Reputation: 111
I am making a script to print some labels and need to import a excell file with ID numbers and DOBs. The DOBs are already formatted correctly in the spreadsheet, but when I import it to a dataframe it converts it to date time and adds a time stamp.
Spreadsheet input
IDS DOB
1 10/21/18
then the following code
df = pd.read_excel(file,sheetname = "Sheet1",dtype=str )
Gives this DataFrame output
IDS DOB
1 2018-10-21 00:00:00
Even though I told it to import as a string.

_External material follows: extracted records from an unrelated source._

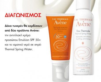 Το elle.gr διοργανώνει διαγωνισμό και σας δίνει τη δυνατότητα να κερδίσετε 10 σετ Avene. To κάθε σετ αποτελείται από 2 προϊόντα: αντηλιακή κρέμα Emulsion SPF 50+ σε συσκευασία των 40ml και ιαματικό νερό σε σπρέι Thermal Spring Water σε συσκευασία των 150ml.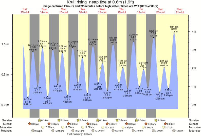 Image captured 2 hours and 22 minutes before high water (rising neap tide). Tide height was 0.6m (1.9 ft). Range 1.42m (4.7 ft). Toggle tide graph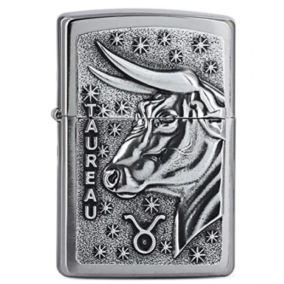 Zippo Windproof Lighter, Zodiac Taurus Design Brushed Chrome, Emblem Refillable, Reusable, Comes in Gift Box Made USA

Some rows don't have DOBs or have notes so when I try to use an apply function like
df['DOB'] = df['DOB'].apply(lambda x: dt.datetime.strptime(x,'%D%M%Y'))
I get
ValueError: unconverted data remains: -10-10 00:00:00
when I try
df['DOB'] = pd.to_datetime(df['DOB'],format="%m/%d/%Y")
It still outputs as
2018-10-21 00:00:00
Upvotes: 1
Views: 1060
Reputation: 142641
If you have all dates as strings then you could convert to datetime and format it to string again
df['DOB'] = pd.to_datetime(df['DOB']).dt.strftime('%m/%d/%y')
Minimal working example
import pandas as pd
df = pd.DataFrame({
'IDS': [1],
'DOB': ['2018-10-21 00:00:00'],
})
print(df)
df['DOB'] = pd.to_datetime(df['DOB']).dt.strftime('%m/%d/%y')
print(df)
If there are other strings then you may need function which use try/except
to catch error when you try to convert these values and return original string.
import pandas as pd
df = pd.DataFrame({
'IDS': [1, 2],
'DOB': ['2018-10-21 00:00:00', 'Hello World'],
})
print('\n--- before ---\n')
print(df)
def convert(value):
try:
return pd.to_datetime(value).strftime('%m/%d/%y')
except Exception as ex:
print(ex)
return value
df['DOB'] = df['DOB'].apply(convert)
print('\n--- after ---\n')
print(df)
Result:
--- before ---
IDS DOB
0 1 2018-10-21 00:00:00
1 2 Hello World
('Unknown string format:', 'Hello World')
--- after ---
IDS DOB
0 1 10/21/18
1 2 Hello World
BTW: I don't have Excel file for test but maybe if you use this convert()
with parse_dates
in read_excel
then it convert it when you read file.
Upvotes: 1